Conclusions: We demonstrated the applicability of one-class classifiers and unsupervised models for the detection of infection incidence in people with type 1 diabetes. In this patient group, detecting infection can provide an opportunity to devise tailored services and also to detect potential public health threats. The proposed approaches achieved excellent performance; in particular, the boundary and domain-based method performed better. Among the respective groups, particular models such as one-class support vector machine, K-nearest neighbor, and K-means achieved excellent performance in all the sample sizes and infection cases. Overall, we foresee that the results could encourage researchers to examine beyond the presented features into other additional features of the self-recorded data, for example, continuous glucose monitoring features and physical activity data, on a large scale.
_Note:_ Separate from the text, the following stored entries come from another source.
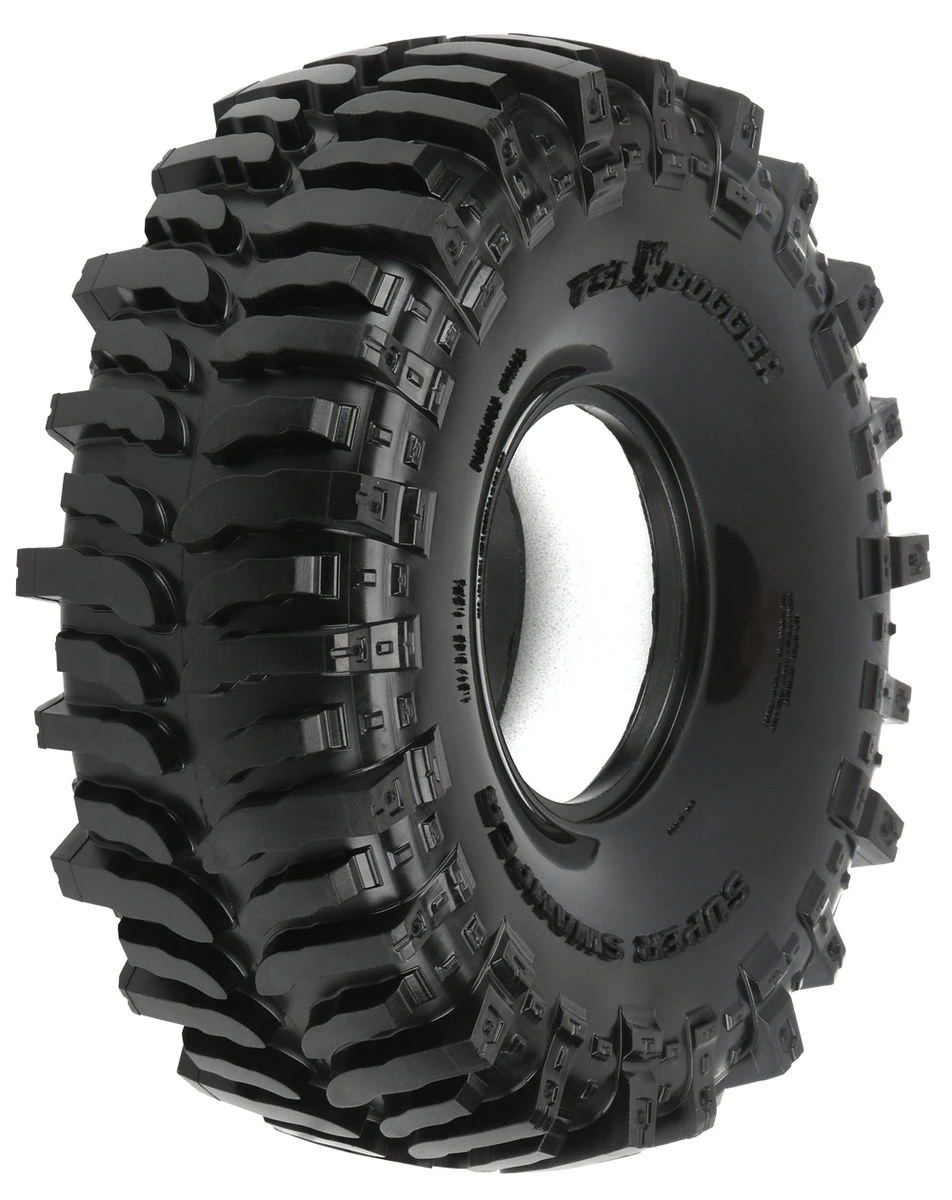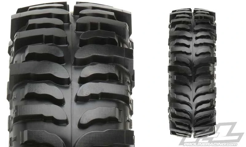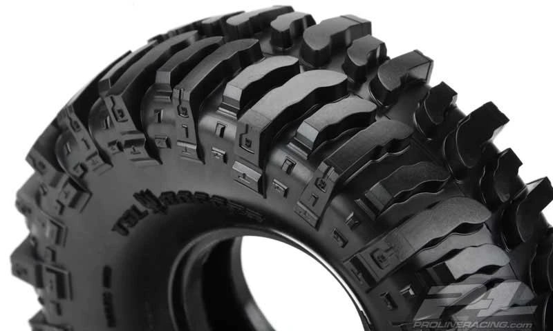 These massive 5.4″ tall x 1.91″ wide tires are perfect for guys looking to do some Mud Bogging with their rigs or for recreating a beloved full size truck in perfect scale detail. Pro-Line’s officially licensed Interco® Bogger® tires feature a directional tread pattern with the patented Interco TSL (three stage lug) design just like the full-size tires. The new Bogger® tires are aggressive in stock form and are also extremely versatile and easily modified for even more mud flinging performance. They come in Pro-Line’s legendary G8 compound, so you know they will perform beyond expectations right out of the package. Get your own set of fully licensed Interco® Bogger® tires from Pro-Line today!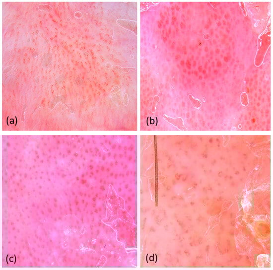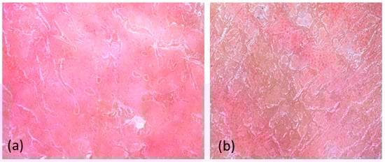 Dermatoscopy and videodermatoscopy are useful, both in supporting the clinical diagnosis of psoriasis and in monitoring the therapeutic response. The most common dermatoscopic appearance is the presence of dots/red blood cells on an erythematous background observed from 97.1% to 100% in the literature []. In our study, the most frequent dermatoscopic appearance was an erythematous plaque, with dotted vessels with regular distribution on the surface, covered by white scales with diffuse localization. Although we only analyzed lesions from the trunk and limbs, linear vessels were identified in only one case, an aspect also encountered less frequently by Lallas et al. []. The change in the type and morphology of the vessels in the psoriasis plaque varies with the response to the therapy [].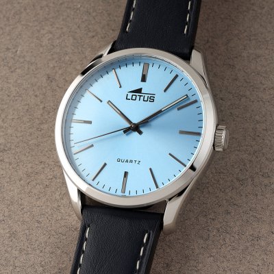 Diese Lotus Uhr hat ein Edelstahl Gehäuse mit einem Durchmesser von 42 mm und ist mit einem Armband aus Leder versehen. In der Uhr arbeitet ein Miyota Uhrwerk. Das Glas der Uhr besteht aus Mineral - Glas.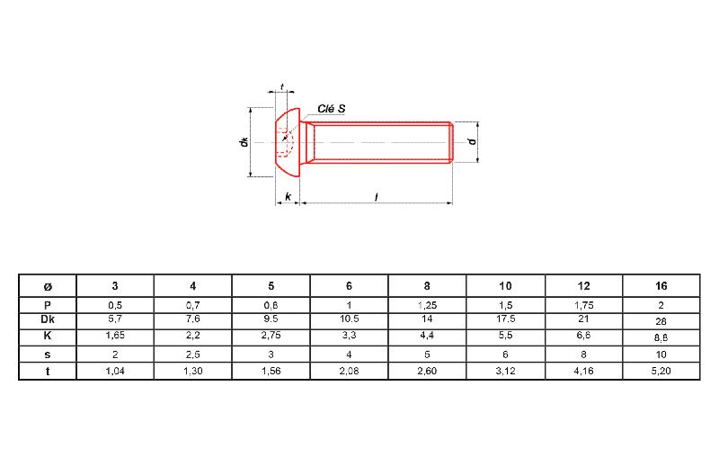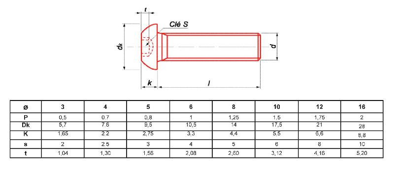 Caractéristiques techniques : Type de tête : tête bombée.Empreinte : 6 pans creux.Classe : 10.9.Norme :ISO 7380. Marque ...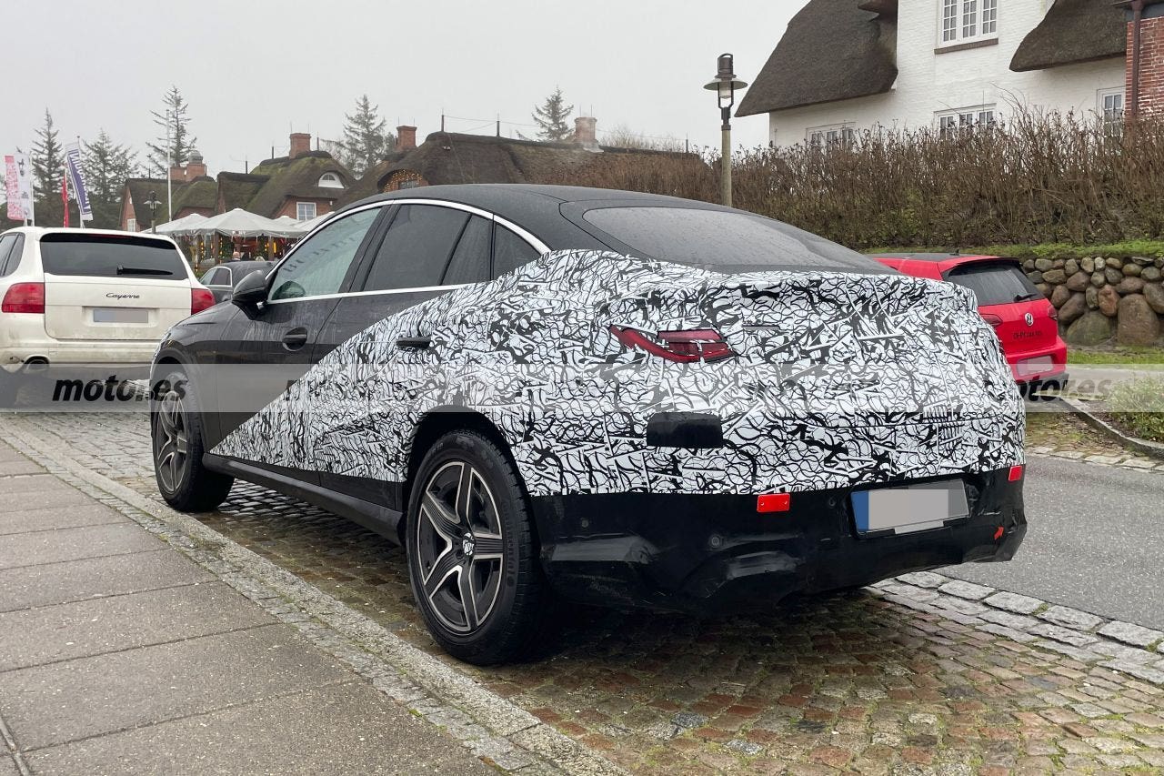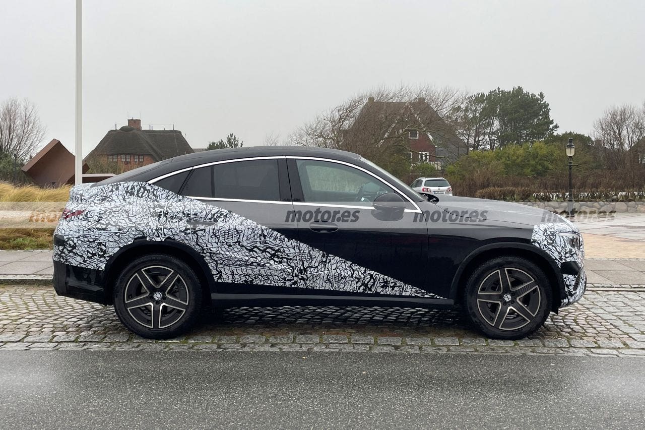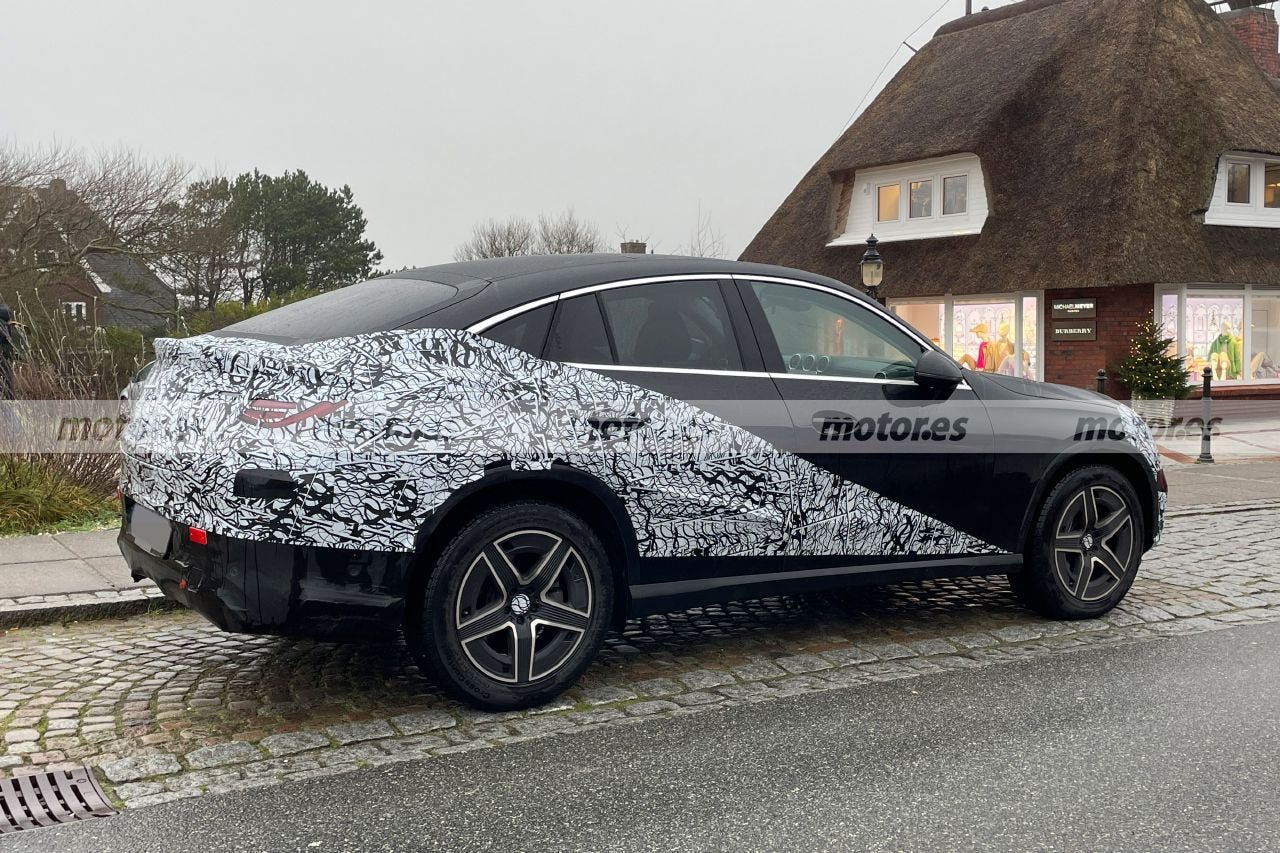 La vista laterale mostra la linea del tetto arcuata tipica dei SUV coupé, molto filante nella parte posteriore, che, nonostante la maggiore lunghezza, ha proporzioni equilibrate ma più da coupé. Ma in casa Mercedes sono riluttanti a scoprire la parte posteriore, che ha ancora un ottimo camuffamento e impedisce ai fanali di essere visti chiaramente. Saranno di certo più sottili e presenteranno una nuova firma luminosa. Sopra, uno spoiler discreto aggiunge una nota sportiva a un posteriore elegante.

Keywords: decision support techniques; infection detection; outbreak detection system; self-recorded health data; syndromic surveillance; type 1 diabetes.

Figure 1

Daily scatter plot of average blood glucose levels versus total insulin (bolus) to total carbohydrate ratio for a specific regular or normal patient year without any infection incidences.

Figure 2

Hourly scatter plot of average blood glucose levels versus total insulin (bolus) to total carbohydrate ratio for a specific regular or normal patient year without any infection incidences.

Figure 3

Daily scatter plot of average blood glucose levels versus total insulin (bolus) to total carbohydrate ratio for a specific patient year with an infection incidence (flu).

Figure 4

Hourly scatter plot of average blood glucose levels versus total insulin (bolus) to total carbohydrate ratio for a specific patient year with an infection incidence (flu).

Figure 5

Plot of models’ average computational time for the training phase. The x-axis depicts the sample size, and each label stands for total sample size divided by 24. The y-axis depicts the computational time required by each model. Gauss: Gaussian; IncSVDD: incremental support vector data description; K-NN: K-nearest neighbor; LOF: local outlier factor; MCD: minimum covariance determinant; MOG: mixture of Gaussian; MST: minimum spanning tree; NN: nearest neighbor; NParzen: naïve Parzen; PCA: principal component analysis; SOM: self-organizing maps; SVDD: support vector data description; V-SVM: one-class support vector machine.

Figure 6

Plot of models’ average computational time for the testing phase. The x-axis depicts the sample size, and each label stands for total sample size divided by 24. The y-axis depicts the computational time required by each model. Gauss: Gaussian; IncSVDD: incremental support vector data description; K-NN: K-nearest neighbor; LOF: local outlier factor; MCD Gauss: Gaussian: SOM: self-organizing maps; MOG: mixture of Gaussian; MST: minimum spanning tree; NN: nearest neighbor; NParzen: naïve Parzen; PCA: principal component analysis; SVDD: support vector data description; V-SVM: one-class support vector machine.

Figure 7

Quadrants of wellness in people with type 1 diabetes. The figure depicts the 4 possible scenarios of different parameters: carbohydrate action, insulin action, physical activity action, and abnormality because of metabolic change such as infection and stress. BG: blood glucose; PA: physical activity.

Figure 8

Average performance (F1-score) of each model across all the infection cases. AE: auto-encoder; Gauss: Gaussian; IncSVDD: incremental support vector data description; K-NN: K-nearest neighbor; LOF: local outlier factor; MCD: minimum covariance determinant; MOG: mixture of Gaussian; MST: minimum spanning tree; NN: nearest neighbor; NP: naïve Parzen; PCA: principal component analysis; SOM: self-organizing maps; SVDD: support vector data description; V-SVM: one-class support vector machine.